• [Work required] Could you output the listing that follows exactly, without its images?

• [Information shown]
= = = = = = =

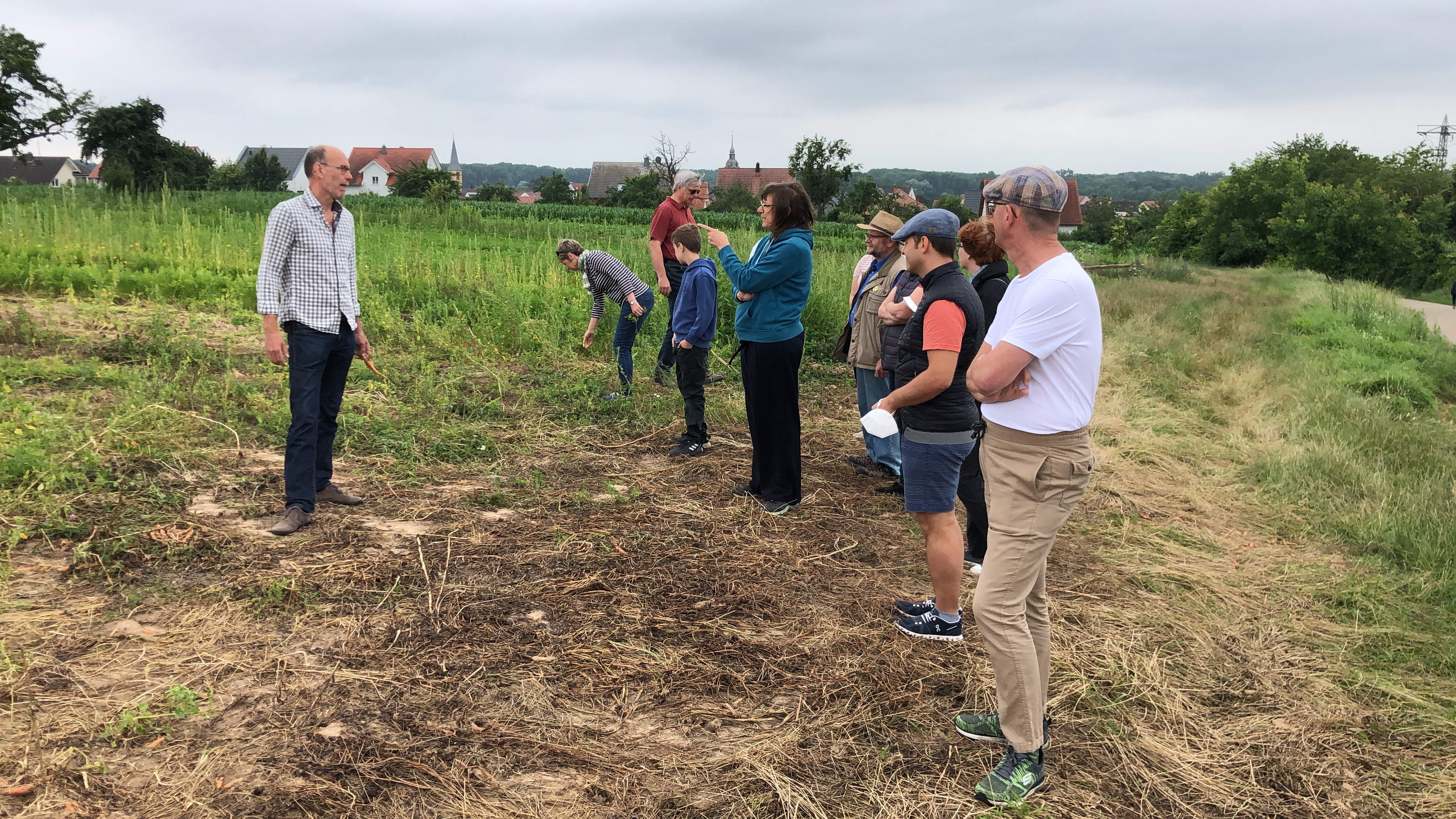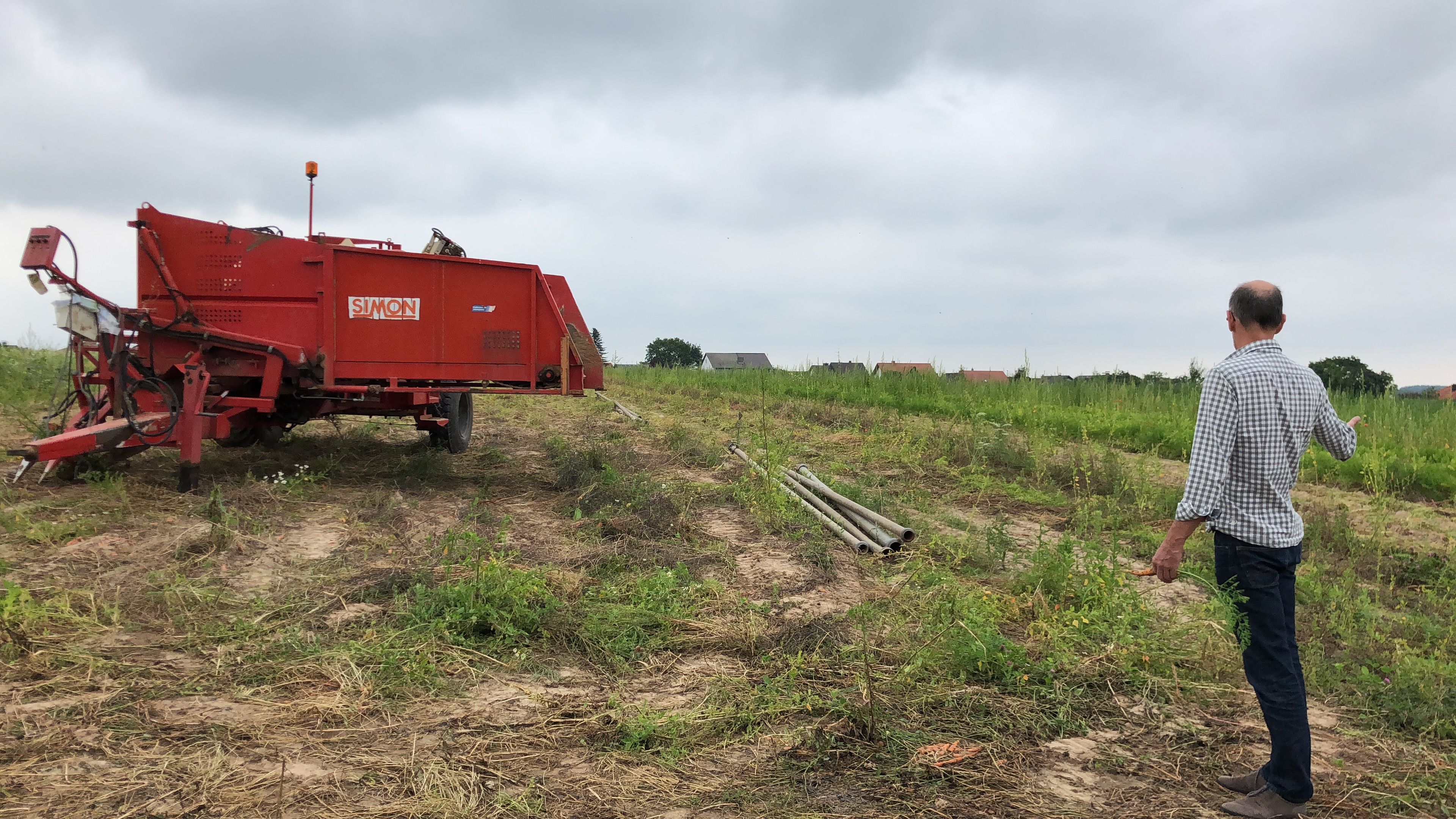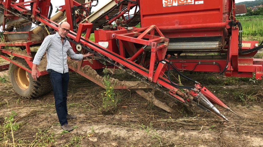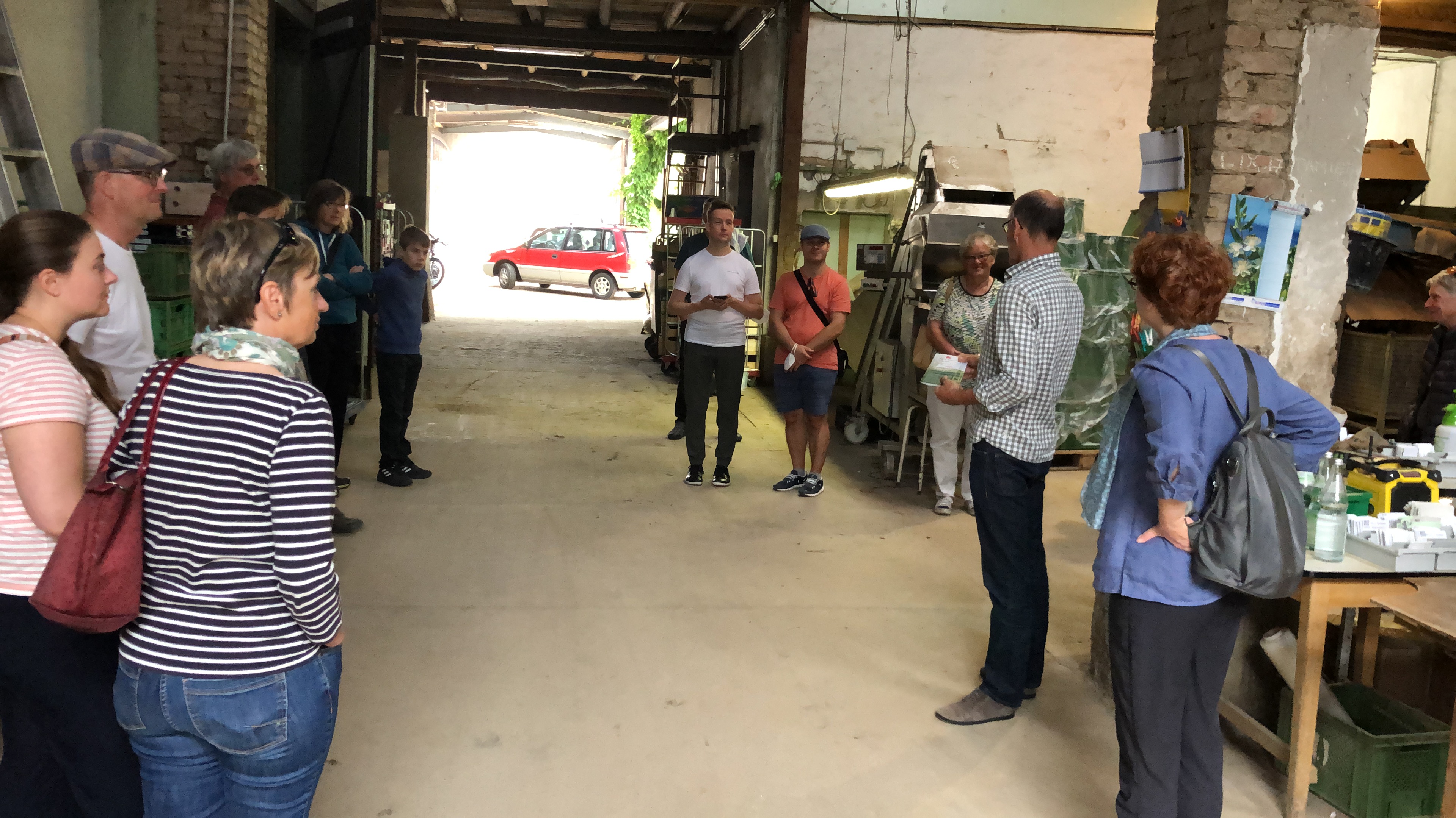 Da wir seit anderthalb Jahren die erste Gruppe zur Hofbesichtigung waren, zeigte Herr Kalinke sich als äußerst redseliger Führer. In der Scheune erklärte er uns die Funktion der sogenannten Karottenwaschanlage und der Sortieranlage von Kartoffeln, die nach der Ernte nicht gewaschen werden, damit sie besser lagerfähig sind und nicht ihren Geschmack verlieren. Anschließend machten wir noch einen Abstecher zum abgeernteten Karottenfeld, wo er uns die Funktion der Erntemaschine beschrieb……ein äußerst diffiziles Ding. Überall wuchs das Unkraut, zum Leidwesen auch auf dem Kürbisfeld. Aber es ist nun mal ein Biolandbetrieb, wo nicht gespritzt werden darf.
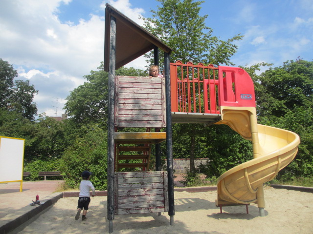 Ein schattiger Spielplatz am Scherfweg. Das Spielhaus mit Rutsche und Kletternetz ist für kleinere Kinder toll zum Spielen. Den Kletterpfahl fanden die Stadtteilforscher aus
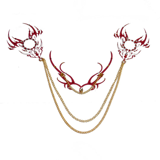 Nippelcover Aufkleber 3-er Set Brust und Schambein mit Strasssteinen und Ketten, Farbe rot Material: KunststoffNormaler Preis €9,45
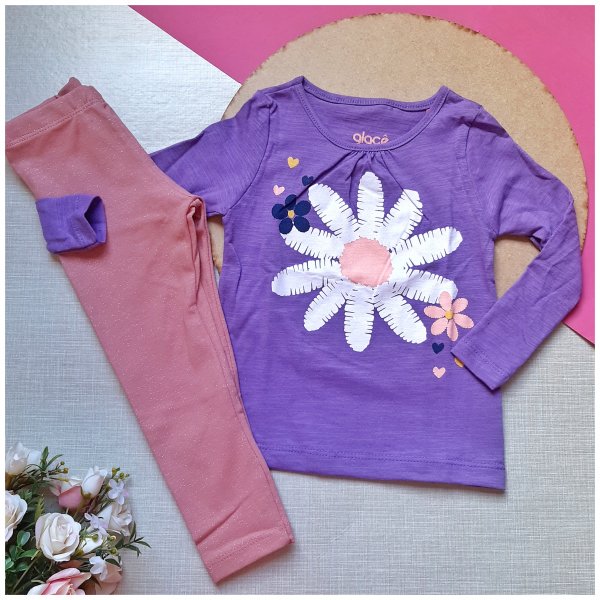 Blusinha em malha com estampa e calça em cotton com glitter.

= = = = = = =

• [Answer for this exercise]
 Da wir seit anderthalb Jahren die erste Gruppe zur Hofbesichtigung waren, zeigte Herr Kalinke sich als äußerst redseliger Führer. In der Scheune erklärte er uns die Funktion der sogenannten Karottenwaschanlage und der Sortieranlage von Kartoffeln, die nach der Ernte nicht gewaschen werden, damit sie besser lagerfähig sind und nicht ihren Geschmack verlieren. Anschließend machten wir noch einen Abstecher zum abgeernteten Karottenfeld, wo er uns die Funktion der Erntemaschine beschrieb……ein äußerst diffiziles Ding. Überall wuchs das Unkraut, zum Leidwesen auch auf dem Kürbisfeld. Aber es ist nun mal ein Biolandbetrieb, wo nicht gespritzt werden darf.
 Ein schattiger Spielplatz am Scherfweg. Das Spielhaus mit Rutsche und Kletternetz ist für kleinere Kinder toll zum Spielen. Den Kletterpfahl fanden die Stadtteilforscher aus
 Nippelcover Aufkleber 3-er Set Brust und Schambein mit Strasssteinen und Ketten, Farbe rot Material: KunststoffNormaler Preis €9,45
 Blusinha em malha com estampa e calça em cotton com glitter.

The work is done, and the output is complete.